A robot is located at the top-left corner of a m x n grid (marked 'Start' in the diagram below).

The robot can only move either down or right at any point in time. The robot is trying to reach the bottom-right corner of the grid (marked 'Finish' in the diagram below).

How many possible unique paths are there?

Example 1:

Input: m = 3, n = 7
Output: 28

Example 2:

Input: m = 3, n = 2
Output: 3
Explanation:
From the top-left corner, there are a total of 3 ways to reach the bottom-right corner:
1. Right -> Right -> Down
2. Right -> Down -> Right
3. Down -> Right -> Right

Steps to Solve

1. Base Cases: If either m or n is 1, there's only one path.

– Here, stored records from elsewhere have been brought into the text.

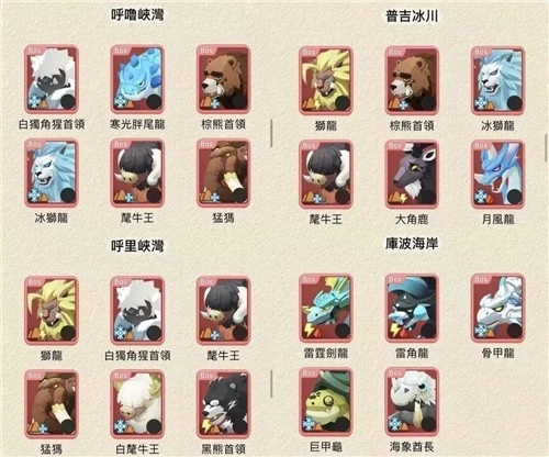 从(1-9)库波海岸到(2-9)第二大陆最后一张图普吉塔冰川,Boss的属性依次为电火、冰地、地冰、地电、冰火;以下是部分Boss的相关信息节选: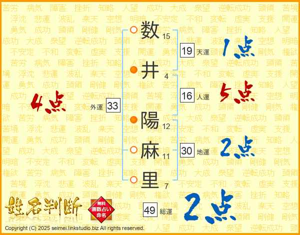 数(15画)井(4画) 陽(12画)麻(11画)里(7画)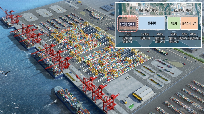 이번 야드크레인 제작을 시작으로 자동화 장치장, 운영 건물 등 기반시설과 핵심 장비 및 시스템(안벽크레인, 무인이송장비, 터미널운영시스템)을순차적으로 구축할 예정이다. 컨테이너 부두는 2027년에 1차 개장(4천TEU 2선석), 2029년에 2차 개장(4천TEU 1선석, 2천TEU 1선석) 할 예정이다.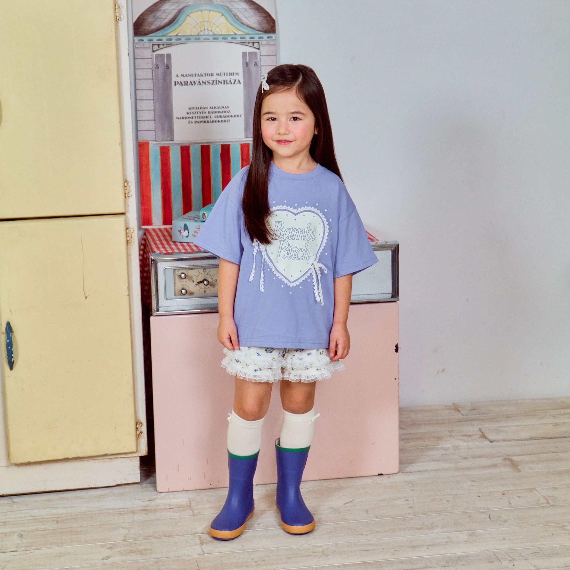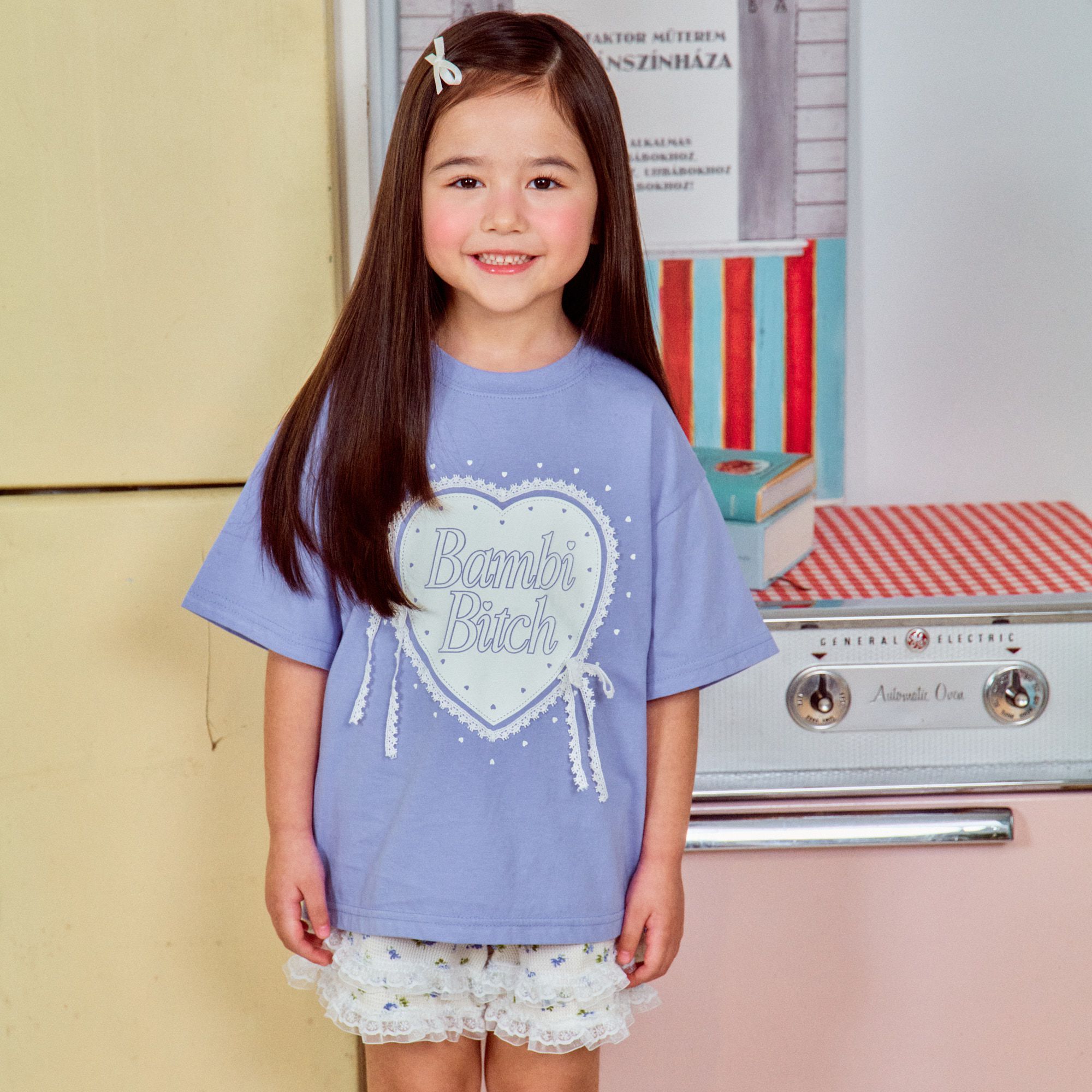 韓國 First Blue - 大裝飾蕾絲愛心短袖上衣-藍紫
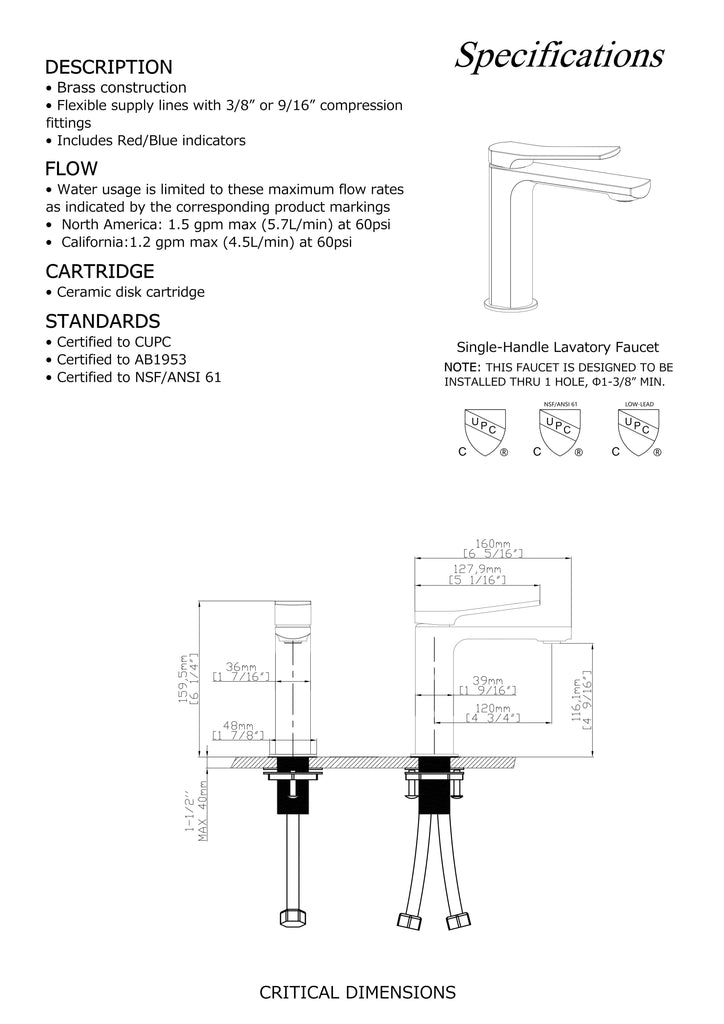 - Water flow cUPC 1.5 GPM @ 60 psi

2. Recursive Approach (Inefficient): We can recursively explore all possible paths. Each step, we can either move right or down. This leads to exponential time complexity, making it unsuitable for larger grids.

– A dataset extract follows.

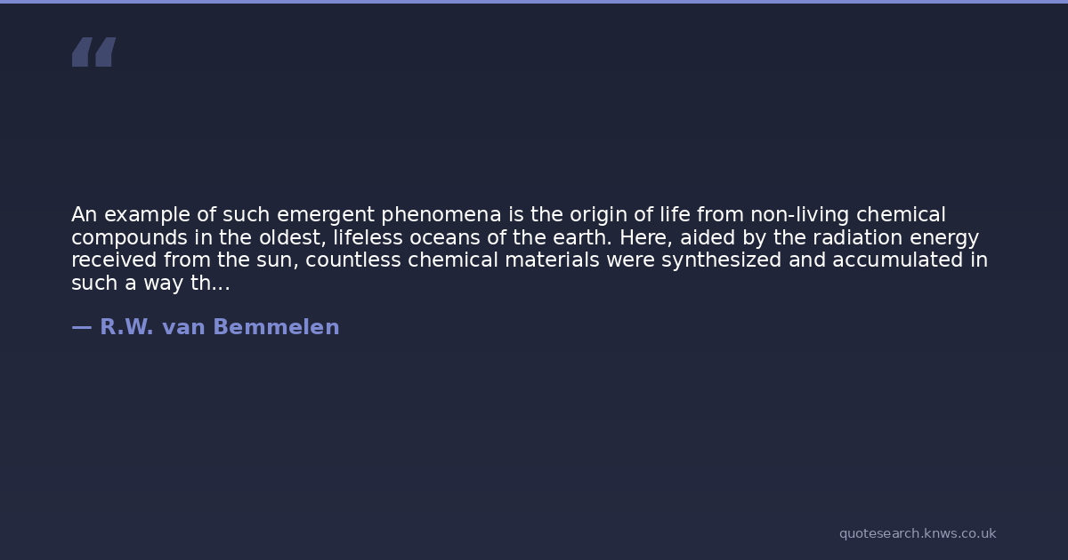 An example of such emergent phenomena is the origin of life from non-living chemical compounds in the oldest, lifeless oceans of the earth. Here, aided by the radiation energy received from the sun, countless chemical materials were synthesized and accumulated in such a way that they constituted, as it were, a primeval soup. In this primeval soup, by infinite variations of lifeless growth and decay of substances during some billions of years, the way of life was ultimately reached, with its metabolism characterized by selective assimilation and dissimilation as end stations of a sluiced and canalized flow of free chemical energy.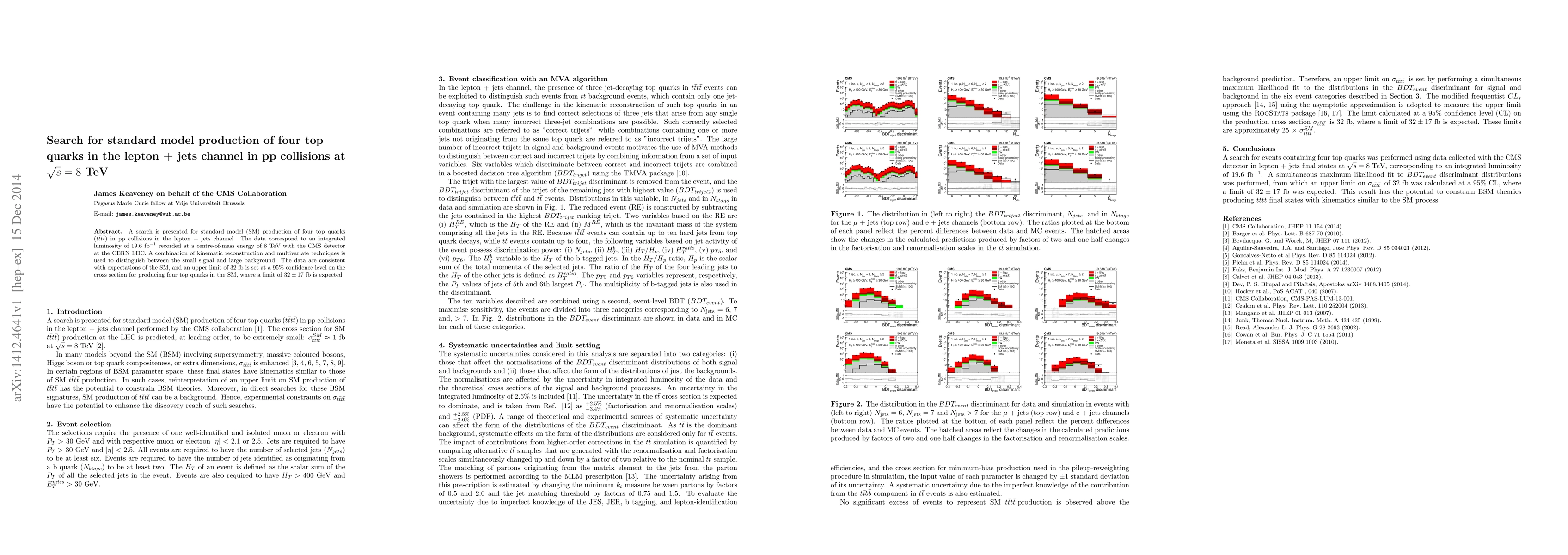 A search is presented for standard model (SM) production of four top quarks ($t\bar{t}t\bar{t}$) in pp collisions in the lepton + jets channel. The data correspond to an integrated luminosity of 19.6 fb$^{-1}$ recorded at a centre-of-mass energy of 8 TeV with the CMS detector at the CERN LHC. A combination of kinematic reconstruction and multivariate techniques is used to distinguish between the small signal and large background. The data are consistent with expectations of the SM, and an upper limit of 32 fb is set at a 95\% confidence level on the cross section for producing four top quarks in the SM, where a limit of $32\pm{17}$ fb is expected.

3. Dynamic Programming: This problem exhibits overlapping subproblems (repeated calculations). Dynamic programming efficiently solves this by storing the results of subproblems. We create a 2D array dp of size m x n, where dp[i][j] stores the number of unique paths to reach cell (i, j).

4. Initialization: dp[0][j] = 1 for all j (only one way to reach any cell in the first row by moving right), and dp[i][0] = 1 for all i (only one way to reach any cell in the first column by moving down).

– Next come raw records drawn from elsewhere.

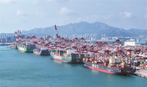 近年来,山东港口青岛港依托毗邻日韩的区位优势及海上贸易往来的枢纽优势,密织覆盖日韩主要港口的海运航线网络。目前佳禾配资,青岛港除承接大量日韩国际中转业务外,每周还有约40班“日韩快线”直达班船,形成了高效、密集、便捷的中日韩海上物流大通道。图为繁忙的青岛港前湾港区。 新华社记者 李紫恒 摄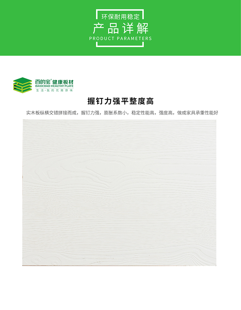 百的寶健康板材 杉木芯18mm E0級(jí)環(huán)保生態(tài)板衣柜家具板材 深雕暖白 【百的寶板材的品質(zhì)保證】 檢驗(yàn)報(bào)告:百的寶板材銷售的產(chǎn)品都經(jīng)質(zhì)量監(jiān)督局檢驗(yàn)合格。 防偽查詢:每張百的寶板材都會(huì)有防偽標(biāo)簽,每串防偽碼都是。 專賣店授權(quán)書:每個(gè)專賣店都經(jīng)總公司授權(quán)方可銷售。 公眾號(hào):百的寶板材(bdbbc2013) 板材十大品牌百的寶板材官方網(wǎng)站:http://www.baidbao.com/ 全國免費(fèi)服務(wù)熱線:400-8635858 ———————————— 中國板材十大品牌|中國板材10大品牌|中國十大板材品牌|板材十大品牌| 板材10大品牌|中國生態(tài)板十大品牌|定制板材十大品牌|中國定制板材十大品牌| 板材品牌|板材|健康板材|板材加盟|板材代理|板材招商|衣柜板材|生態(tài)板材 懂得愛自己 為愛家的人打造潮流家居 家居要環(huán)保 就選百的寶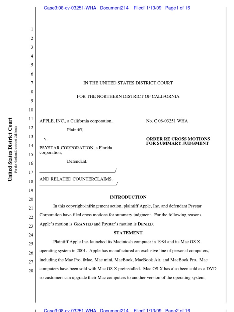21 For the foregoing reasons, Apple’s motion is GRANTED and Psystar’s motion is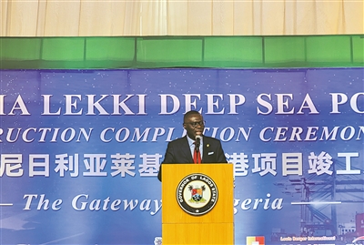 10月31日,在尼日利亚拉各斯,拉各斯州州长巴巴吉德·桑沃-奥卢在中企承建的尼日利亚莱基深水港竣工仪式上致辞。 10月31日,中国港湾工程有限责任公司承建的尼日利亚莱基深水港项目在尼经济中心拉各斯举行竣工仪式。 新华社记者 郭骏 摄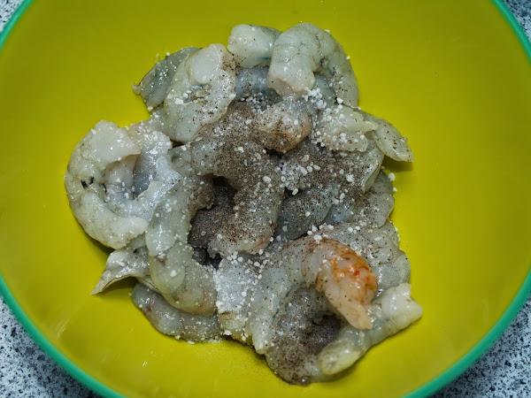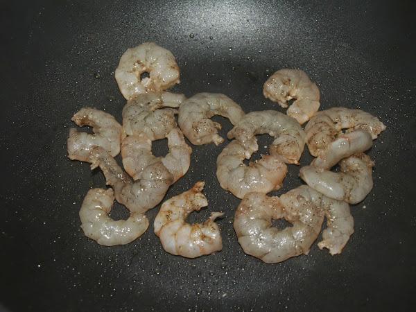 - A continuación pelamos los gambas y salpimentamos.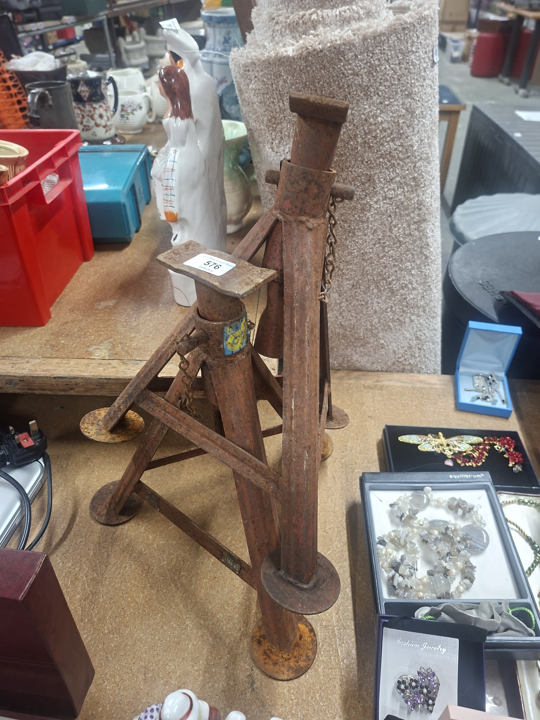 A rusty, three-legged metal tripod jack stand with a chain and minor surface damage.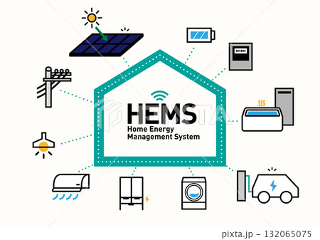 HEMS スマートハウス|電力見える化の住宅のイラスト、ベクター

5. Iteration: We iterate through the dp array, calculating dp[i][j] = dp[i-1][j] + dp[i][j-1]. This represents the sum of paths reaching the cell from above and from the left.

Explanation

The dynamic programming approach cleverly avoids redundant calculations. Each cell's value represents the accumulated number of paths leading to it. By building up from the base cases (the edges of the grid), we efficiently calculate the total paths to the bottom-right corner.

Code (Python)

def uniquePaths(m: int, n: int) -> int:
    """
    Calculates the number of unique paths from top-left to bottom-right in an m x n grid.
    """
    dp = [[0] * n for _ in range(m)]  # Initialize DP table

    # Base cases: Fill the first row and column with 1s
    for i in range(m):
        dp[i][0] = 1
    for j in range(n):
        dp[0][j] = 1

    # Iterate and fill the DP table
    for i in range(1, m):
        for j in range(1, n):
            dp[i][j] = dp[i - 1][j] + dp[i][j - 1]

    return dp[m - 1][n - 1]

Complexity

• Time Complexity: O(m*n) - We iterate through the m x n DP table once.
• Space Complexity: O(m*n) - We use a DP table of size m x n. This can be optimized to O(min(m,n)) by using only a 1D array. (A space optimized solution is possible but adds complexity to the understanding, so this version focuses on clarity)